It takes a lot of effort to lead a vegan lifestyle — you already know this if you follow a plant-based regimen on your own. And, while you've made all the necessary changes to your home so that it adheres to your way of life, not every environment suits a vegan.
Take, for example, the place where you spend at least 40 hours each week. Your workplace might not be as vegan-friendly as you'd like it to be. Without imposing your views on the unwilling, you can easily make swaps to create an animal-friendly work environment. And, as a bonus on top of your comfort and pride in your workplace, you might offhandedly spark an interest in coworkers who had never considered a vegan lifestyle before — the office is just the beginning.
Here are five ways to get started:
1. Start With a Question
You won't know where to begin if you don't ask questions. As a vegan, you already know that animal products linger in everyday items, like plastic trash bags and the sugar you used to spoon into your coffee. With research, you've found vegan-friendly alternatives or replaced particular products altogether. Your office probably hasn't done the same amount of homework.
So, don't be afraid to ask. Find out where the company's products come from and what they contain. If there's an on-site cafeteria, ask about how things are prepared — a seemingly safe option might just be non-vegan.
Once you know what's plant-based and what's not, you can formulate a better game plan. You can ask for labels, suggest alternatives or bring your own products to replace the ones you've deemed unsuitable. Even if your colleagues aren't vegan, you'll inspire everyone to use better options around the office.
2. Become a Planner
Every vegan has experienced the following — they'll go to a party or meet friends for dinner, only to realize that none of the food suits their beliefs. It's frustrating, but you can avoid it by taking part in planning your next work event.
Beforehand, try and figure out if anyone else in the office is a vegan, too. That way, you can leverage all of the animal-product-free people to get more vegan options on the menu. Of course, you can also step up at the next potluck and serve a killer vegan recipe. You never know — your pot full of mac-n-cashew-cheese could shock even the biggest dairy aficionado into action.
3. Incentivize It
Veganism isn't for everyone, but how will they know if they don't try? You can make an animal-friendly lifestyle a competition at work by organizing, say, a week- or month-long challenge to see who can stay true to the vegan diet. Have participants gather throughout the process to see how they're coping and how they're feeling — you know they're going to start glowing mid-cleanse, after all.
If those feel-good vibes aren't enough to incentivize your office, try the Veg Pledge. Going meat-free this October — and pledging your intention online — will put you in the running for a $1,000 prize, courtesy of World Vegetarian Day. Even if your vegan challenge happens outside of this month, you can have participants chip in a few dollars to split amongst those who don't cheat for the entire 30-day process.

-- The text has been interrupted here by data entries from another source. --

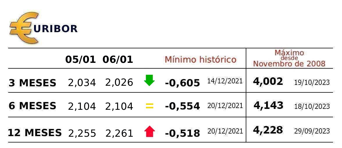 Em relação à média mensal da Euribor de Dezembro, esta voltou a subir a três, a seis e a 12 meses, mas de forma mais acentuada no prazo mais longo.
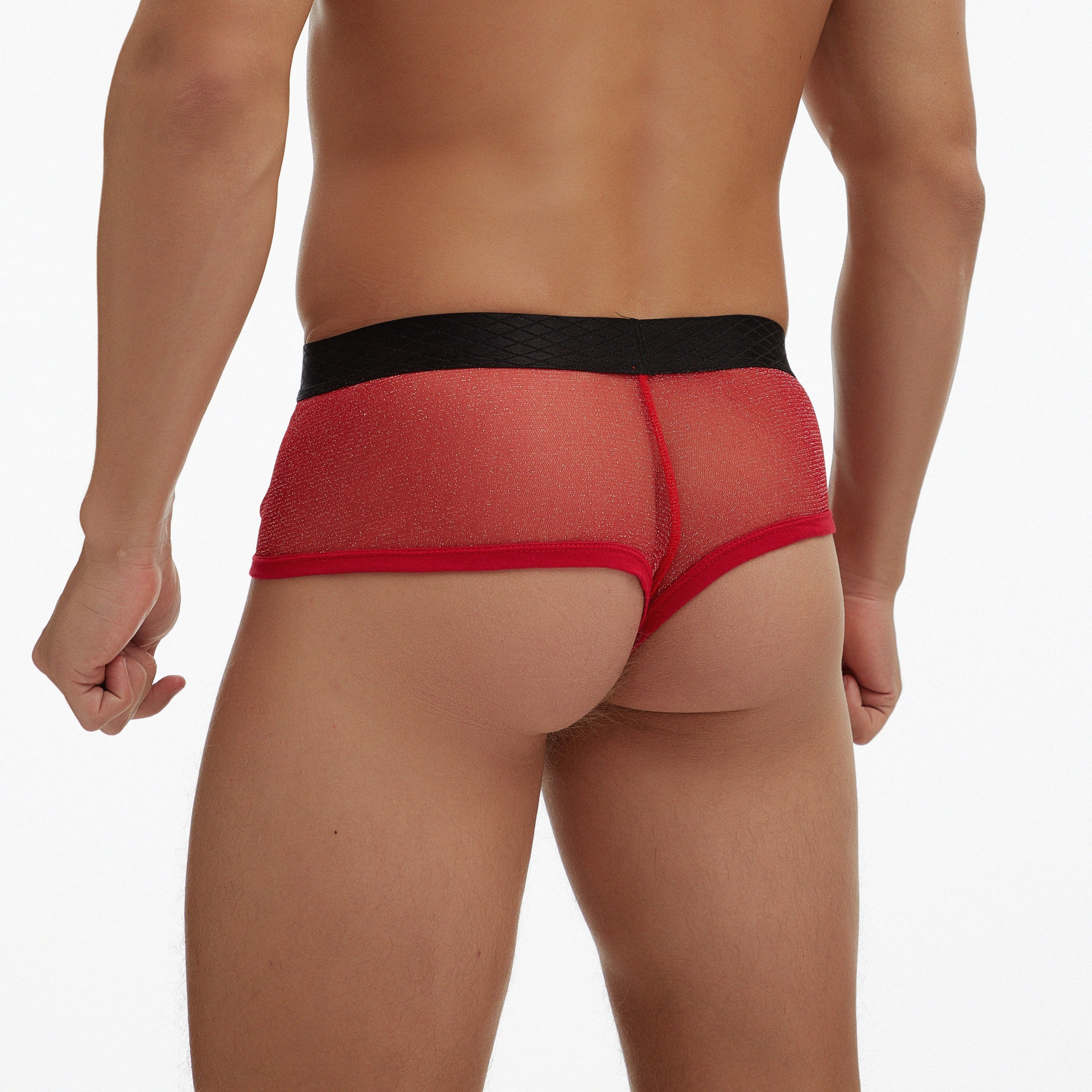 These scandalous cheeky briefs are eye-catching. sheer. and sexy! A cross between briefs and thongs. this pair covers just enough and will even has a convex pouch to hold and enhance your package. They will really help show off your best assets between the sheets. in the locker room. or anywhere else you dare to rock this hot pair!
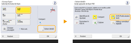 1 | Selectaţi <PDF> , apăsaţi <Setare detalii> <OCR (Căutare Text)>.![]() |
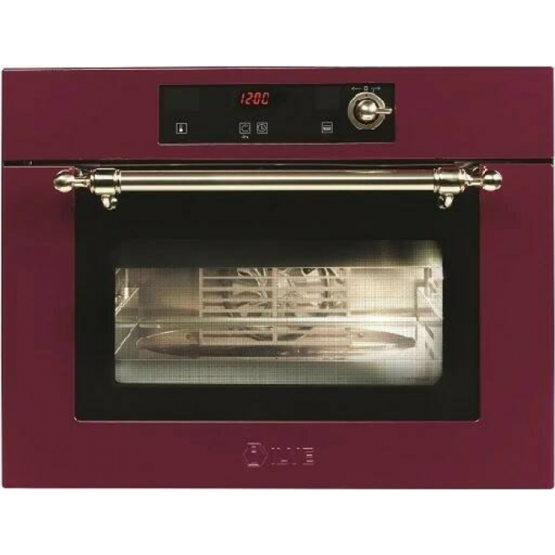 Духовой шкаф электрический Ilve 645-SCHSW/BUG представляет собой эксклюзивное бытовое устройство, задающее тон во всем доме, а также дополняющее интерьер помещения, делая его индивидуальным и неповторимым.Класс энергопотребления AГрильЛегкоочищаемое покрытиеКонвекцияОсобенностиЭлектронное управление температуройРазличное статическое приготовление, интенсивное жарение и режим конвекции при температуре 30...250°CЭлектронный программатор с сенсорным TFT-дисплеемЦифровой дисплей, сенсорное управление с таймеромУправление кнопками +/-Температурный зондОбъем камеры 36лРабочая камера из нержавеющей стали,Высококачественноая термоизоляцияТройное остекление дверцыУсиленная тангенциальная вентиляцияГалогенная подсветка рабочей камерыЗащита от детейПрограммы приготовления:10 видов нагрева:- Конвекция- Гриль с конвекцией- Гриль + конвекция- Микроволны с четырьмя уровнями мощности (270, 500, 800 и 1000 Вт) и режимом «быстрый нагрев»- Пар (от 40 до 100 °C)- COMBI 1 (пар + конвекция)- COMBI 2 (пар + микроволны от 270 до 500 Вт)- COMBI 3 (конвекция + микроволны от 270 до 500 Вт)- COMBI 4 (гриль + микроволны от 500 до 800 Вт)- программа очистки паромХарактеристикиКласс энергопотребления: АВнутренний галогенный светВнутренний резервуар с водой емкостью 1 лПотребляемая мощность нагревательных элементов: электрогриль 1650 Вт / кольцевой 1600 ВтПотребляемая мощность парогенератора: 1200 Вт
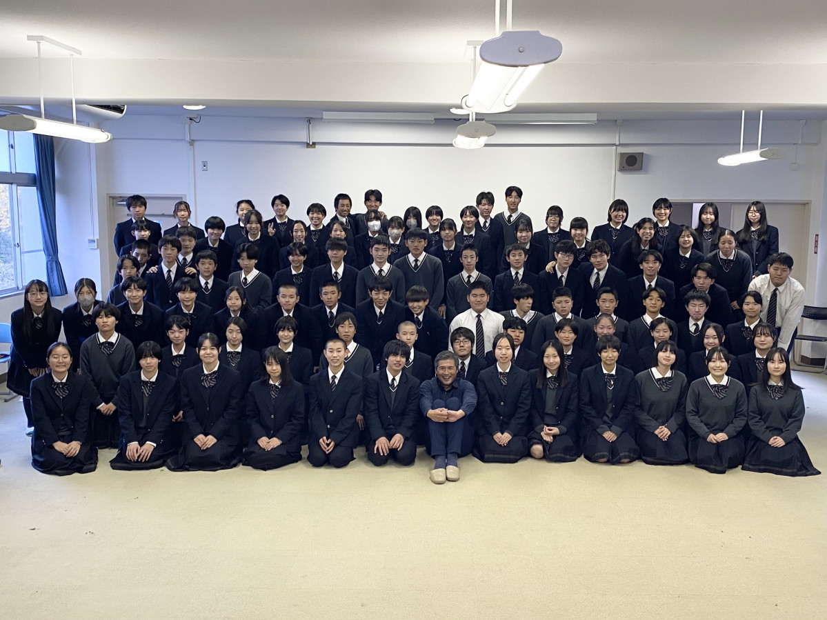 本庄第一中の全校生徒と「出前授業」をしたテレビ朝日の社員社員・吉平(よしひら)将英さん(前列中央)
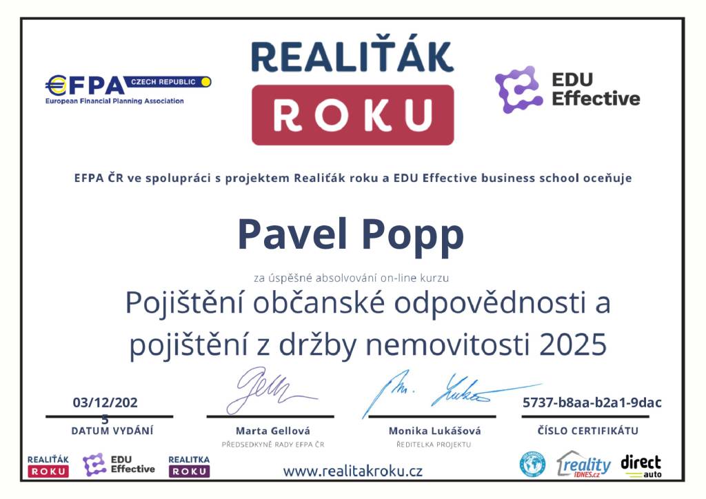 Pan Popp pro nás kompletně zorganizoval schůzky u notáře/právníka, včetně domluvy s majitelem bytu.
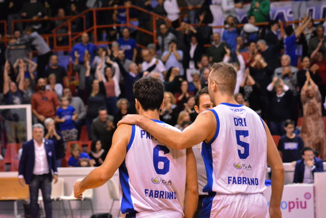 È una partita dalle mille sfaccettature, errori e buone giocate, la Ristopro mantiene il vantaggio per tutto il terzo quarto, gli ospiti sono sempre lì e non mollano la presa, alle giocate in post di Ivan Morgillo, rispondono Marchini e Giammò con canestri e assist fondamentali per tenere in partita la sua squadra. Il simbolo dell’equilibrio del match è dato dai risultati degli ultimi due parziali, perfetta parità. La Janus va a sprazzi, cerca come detto nel pitturato un Ivan Morgillo da 17 punti e 9 rimbalzi alla fine, ma fatica a costruire e trovare tiri aperti. Se li costruisce Santiago Boffelli, che consegna un bombolone di ossigeno al PalaGuerrieri con due jumper uscendo dai blocchi. C’è poi bisogno di Jimmy Gatti dall’arco in apertura di 4°quarto per mettere quattro punti di margine tra le due squadre, ma Mazic si inventa due triple in fila (cadendo e marcato) e da il via ai brutti pensieri biancoblù. L’inerzia della partita sembrerebbe ormai girata dalla parte di coach Schiavi, a mettere il naso avanti ora è la Malloni ed è la compagine di casa ad inseguire. E’ ancora Mazic in appoggio a dare il +3 agli ospiti, 64-67 ad un minuto e spiccioli dal termine. Dopo il time-out di coach Fantozzi la frittata sembra pronta: il capitano Filiberto Dri si vede sputare dall’anello un tentativo dall’arco che lascia con la gioia in gola i tifosi locali. Mazic dall’altra parte sembra pronto ad uccidere la preda, ma il suo tentativo dall’angolo è corto. Dall’altra parte del campo stavolta “Fil Dri” non sbaglia, quoziente di difficoltà doppio rispetto al tentativo precedente, ma insacca la bomba che impatta il match (chiuderà con 17). Una nuova chance per la Malloni se la gioca Marchini in arresto e tiro (un’autostrada per lui nel cuore dell’area), il 44 sbaglia ed Iba Thiam invita Emiliano Paparella a prendersi l’ultimo tiro del match. Occhi al tabellone, cronometro che scorre, Emiliano è lucido nello sfruttare il blocco di Ivan Morgillo ed il cambio difensivo della Malloni.. ne metta due a referto con l’ausilio della tabella, grazie. Cinalli, con 2.6 da giocare, si infrange sul ferro dai 6.75m. Vince la Janus, 69-67. Giornata di riposo per i biancoblù, poi si torna in campo. Domenica 28 si gioca al PalaTricalle di Chieti, una compagine ferita per un inizio di campionato non roboante.
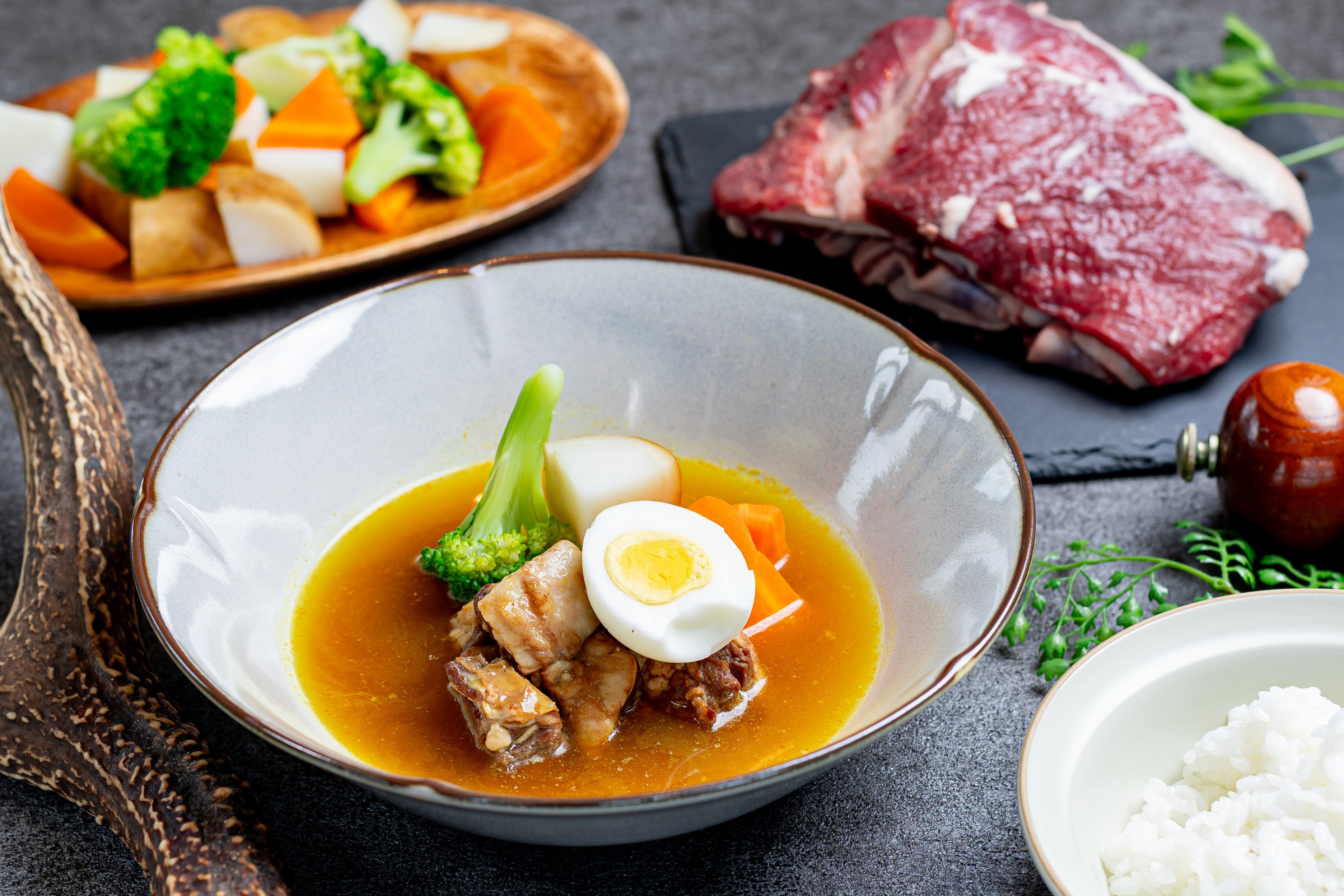 ・北海道発祥のスープカレーに鹿肉をアレンジ、上品な肉質で驚くほど柔らかく、とろけるような食感の函鹿スープカレーもおすすめです。
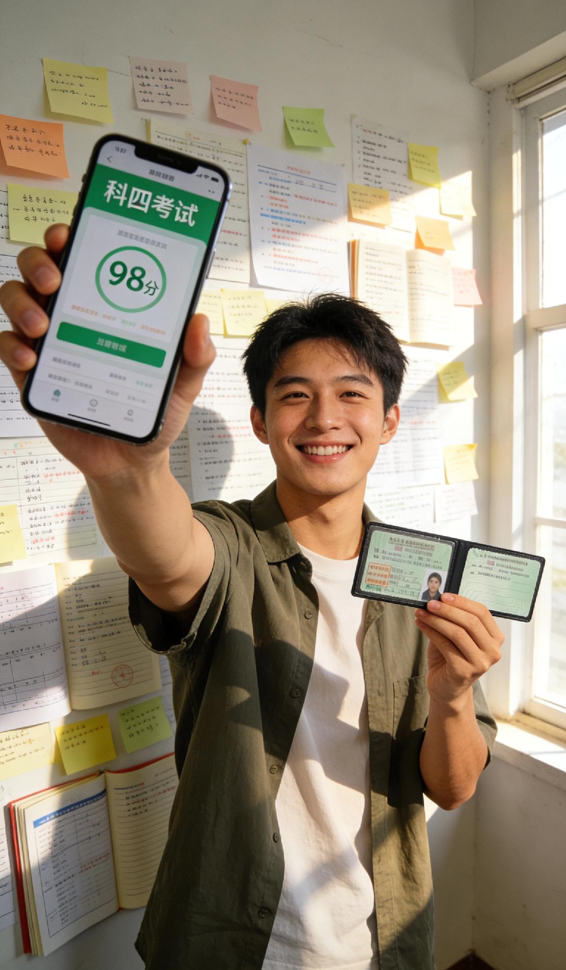 刷题到眼酸,模拟错到心慌,科四的“陷阱题”真的会让人反复崩溃~ 从第一次紧张漏看题干,到第二次沉稳审题,每一次复盘都是底气叠加。终于以98分稳稳过关,解锁驾驶证的最后一道关卡!那些熬过的题、记过的知识点,都成了奔赴自由的勋章🚗💨(个人观点,仅供参考)c2自动档驾照 c2科二考试
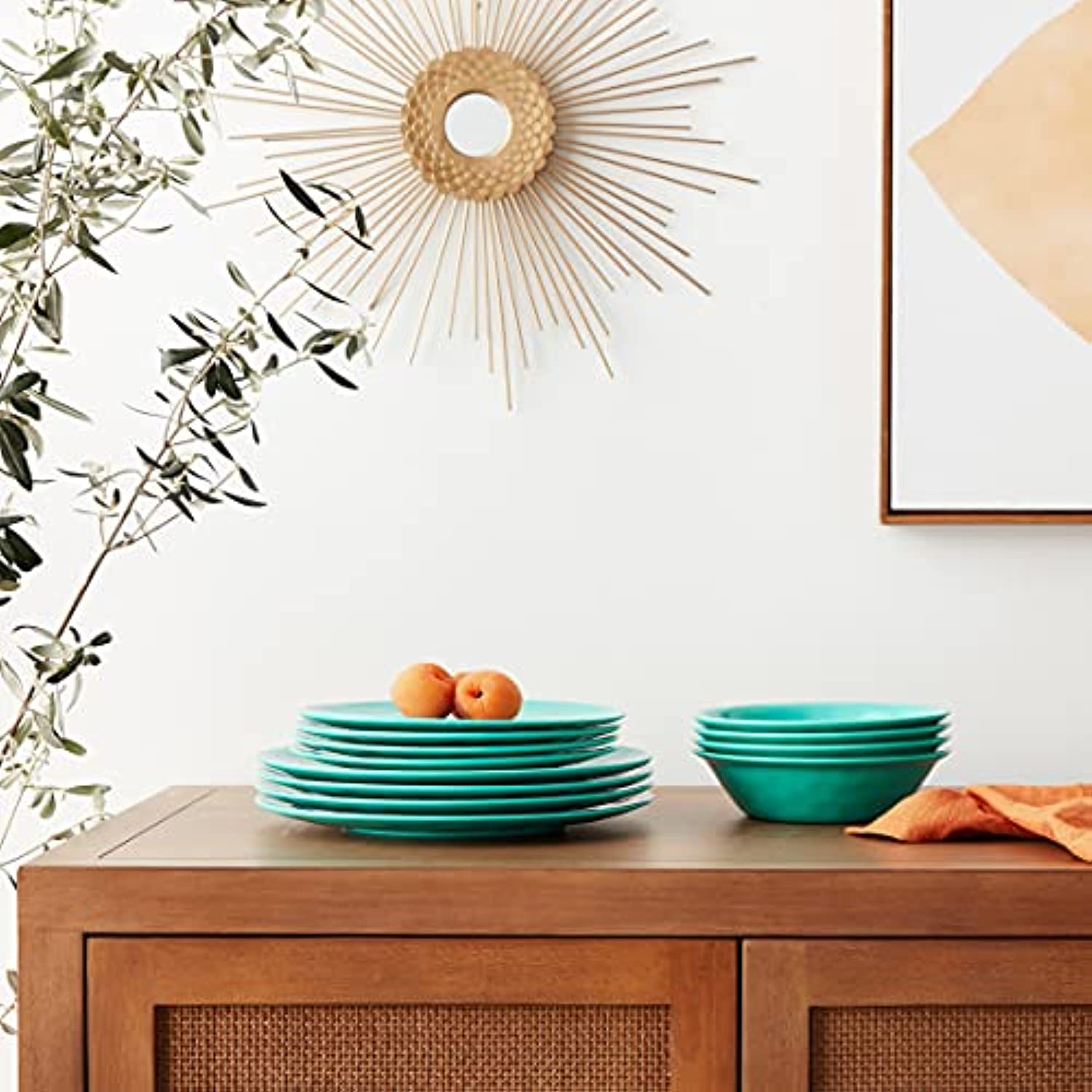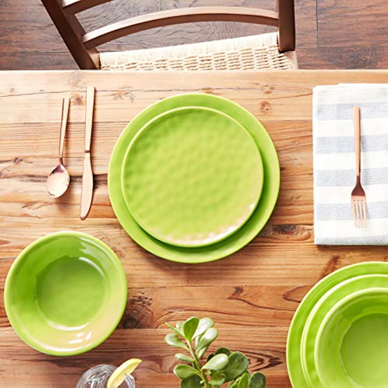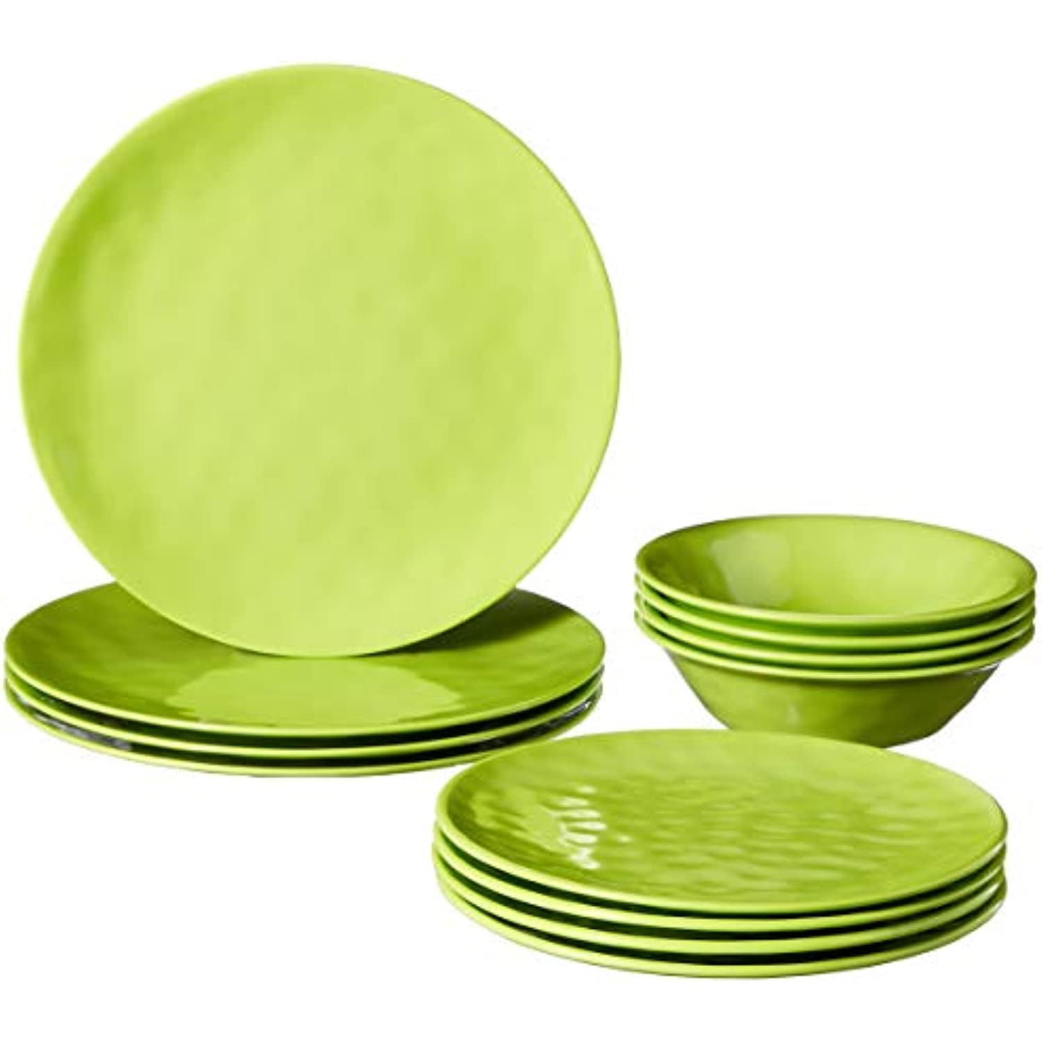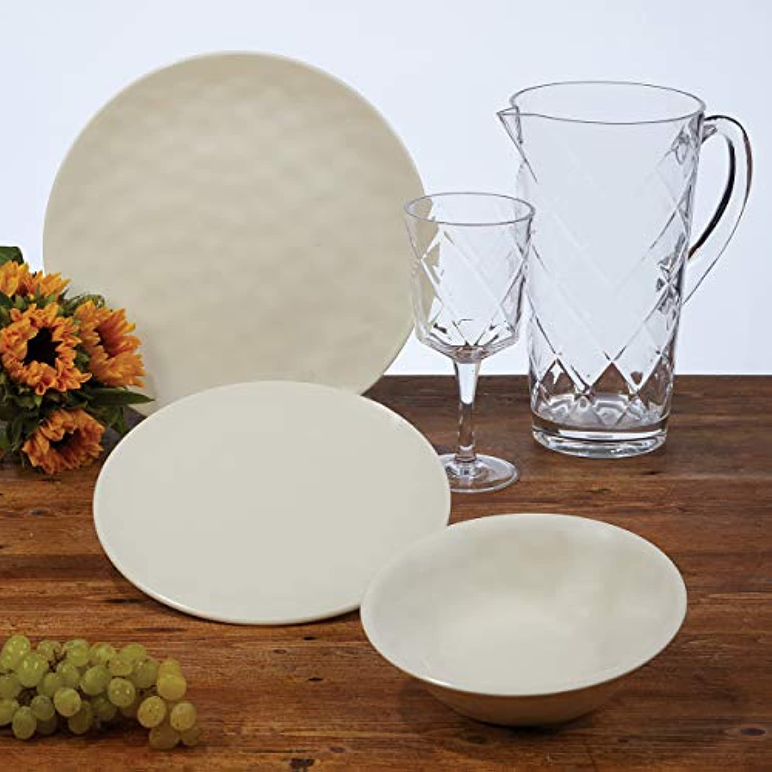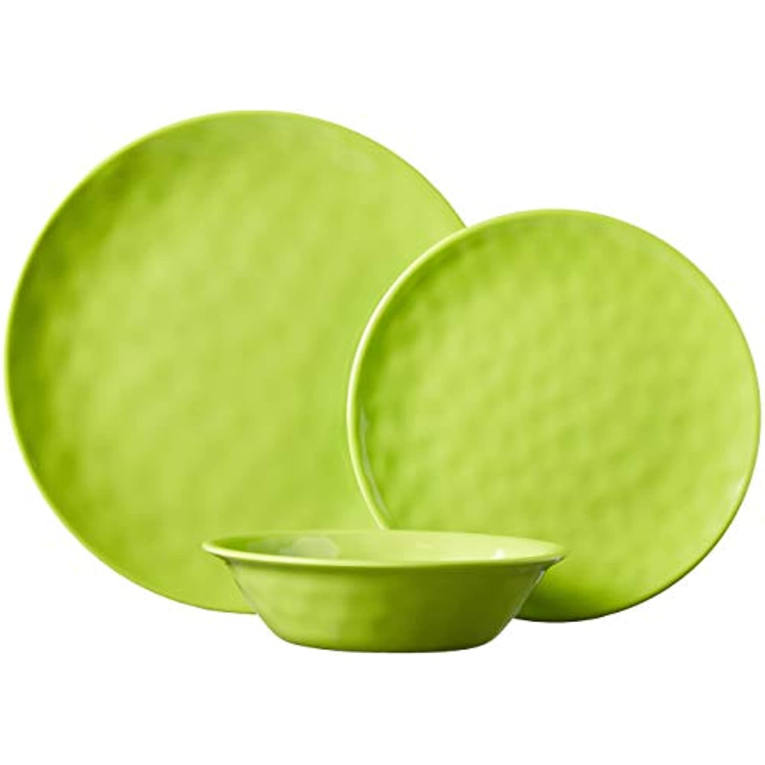 - Includes: 4 each: 10.5" dinner plates, 8.5" Salad/dessert plates, 7.5"X2" all purpose bowls

And, if you somehow need even more motivation, link your co-workers to reports that share the results of similar challenges. Colleagues have become healthier and happier through similar competitions, and you could be the mastermind behind such an awakening — how cool would that be?
4. Be Open to Others
As a vegan, you're already used to the inquisition. "Why did you decide to go vegan?" "Is it difficult?" "Don't you miss bacon?" These are the questions you get all the time, and you can expect more if you're going to be the face of your office's vegan-friendly changes.
But you shouldn't answer your colleagues' questions exasperatedly, no matter how many times you've responded to the same inquiries. That's because you might find yourself speaking to someone genuinely interested in your motives and goals — they might be considering adopting a similar philosophy. Your kind words and thoughtful insight could be the tipping point in their decision-making process.
5. Serve as an Example
Finally, keep in mind the fact that vegans sometimes get a bad rap. They talk too much about their lifestyles, they preach about animal cruelty, etc. You know these assumptions aren't correct, but don't tell your coworkers that — show them.
By standing as a model vegan citizen in front of your coworkers, you'll be the best advertisement for the lifestyle. Whether you're swapping out a few office supplies, planning group dinners or helping a colleague decide if animal friendliness is their calling, too, make yourself a resource. No matter what happens, you'll be an example of what vegans are really like and the good they can achieve. Spoiler alert: we can accomplish a lot.